The court of appeals rejected Patterson’s argument that he would have defended this case differently if he had known he could be charged with 1st-degree reckless homicide:

¶16      “‘When a defendant is charged with a crime he is automatically put on notice that he is subject to an alternative conviction of any lesser-included crime; the whole contains all its parts.’”  Kirby v. State, 86 Wis. 2d 292, 299-300, 272 N.W.2d 113 (Ct. App. 1978) (citation omitted).  “[N]otice and charge on the greater offense as a matter of law includes notice of the included crime.  Notice of the whole is notice of the parts.”  Geitner v. State, 59 Wis. 2d 128, 134, 207 N.W.2d 837 (1973).  Patterson concedes that first-degree reckless homicide is a lesser-included offense of first-degree intentional homicide.  The State requested the lesser-included offense based on Patterson’s testimony, which it was entitled to do.  See Moore v. State, 55 Wis. 2d 1, 7-8, 197 N.W.2d 820 (1972) (After the evidence is presented, the court may allow amendment of the complaint or information to conform to the proof where the amended charge is a lesser-included crime.).

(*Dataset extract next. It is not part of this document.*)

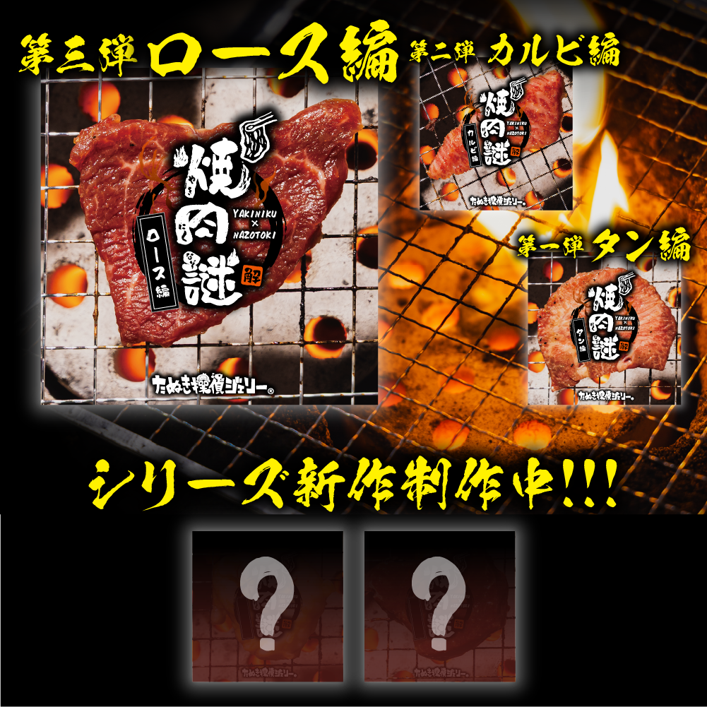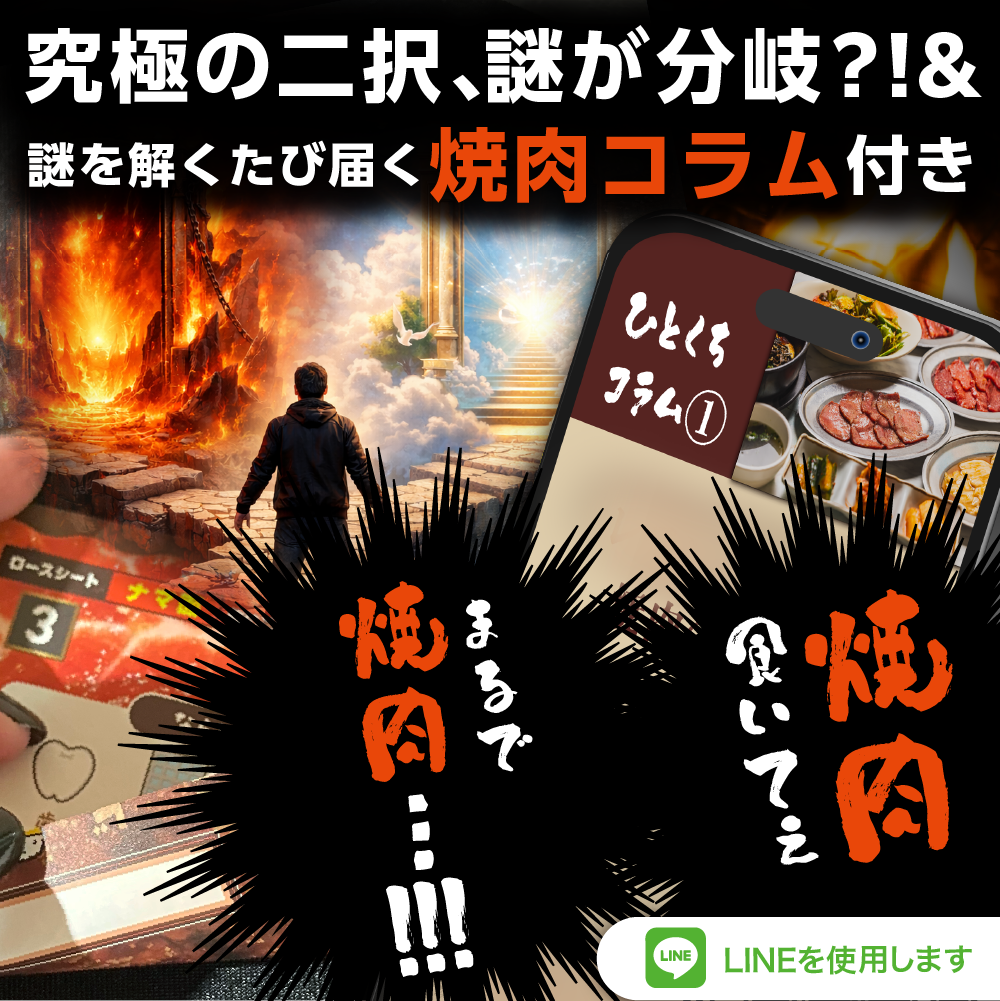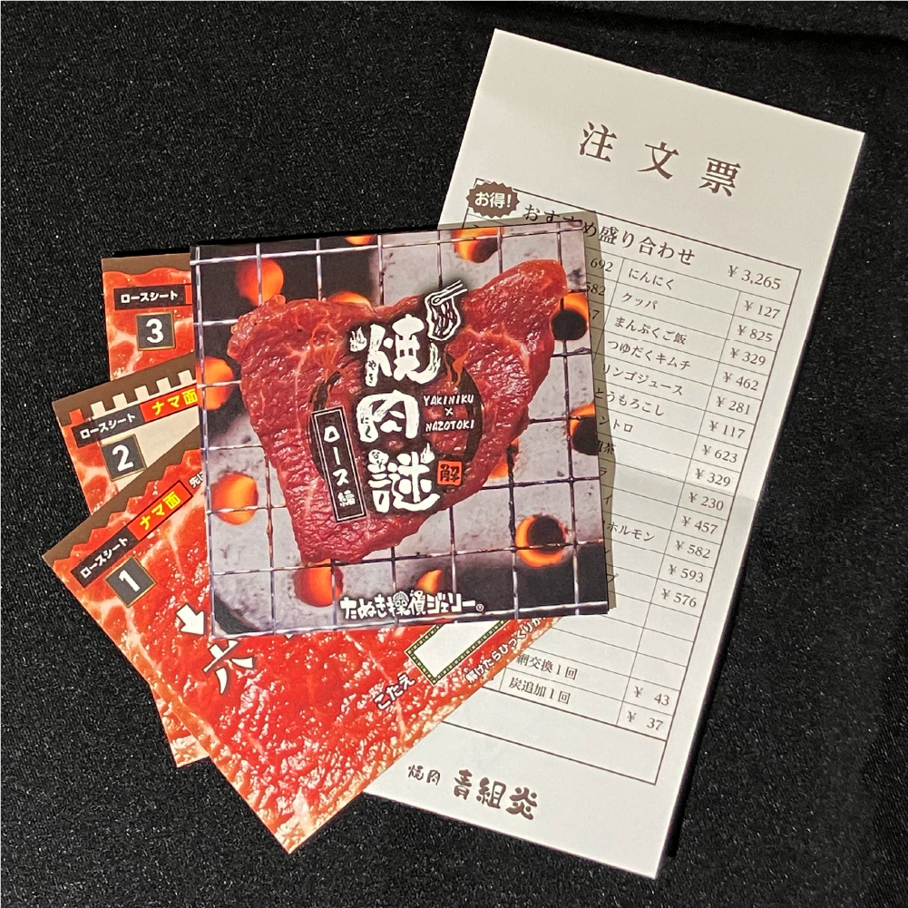 焼肉をテーマにした、LINEを使用する持ち帰り謎シリーズ。 肉を“焼く”ように、謎を“解いていく”体験を楽しめます。 謎には「赤い面」と「茶色い面」の2面があり、答えを送信すると焼肉コラムが届く! 解いた後にはプレイ時間に応じて“焼き加減”を評価する得点表付き。初級者〜上級者まで楽しめます。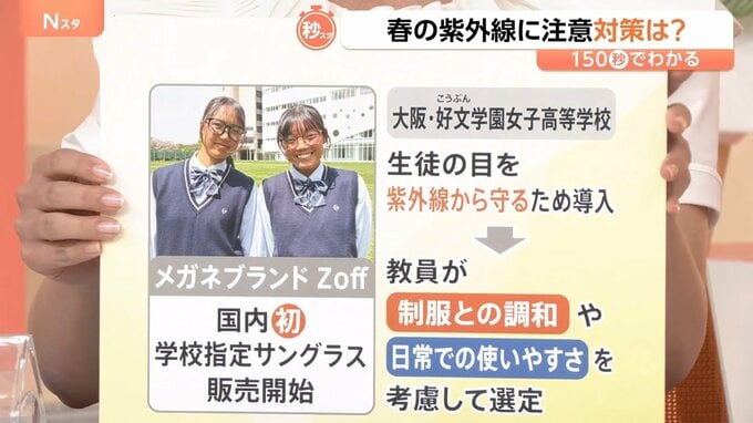 生徒の目を紫外線から守るために導入され、教員が制服との調和や日常での使いやすさを考慮して選定したそうです。

The court of appeals also refused to consider Patterson’s claims of plain error on other aspects of the jury instructions because trial counsel didn’t object to them and this was not an exceptional case warranting a discretionary reversal.  And it declined to address Patterson’s sentencing issue because he failed to raise it in his postconviction motion.  Slip op. ¶¶18-19.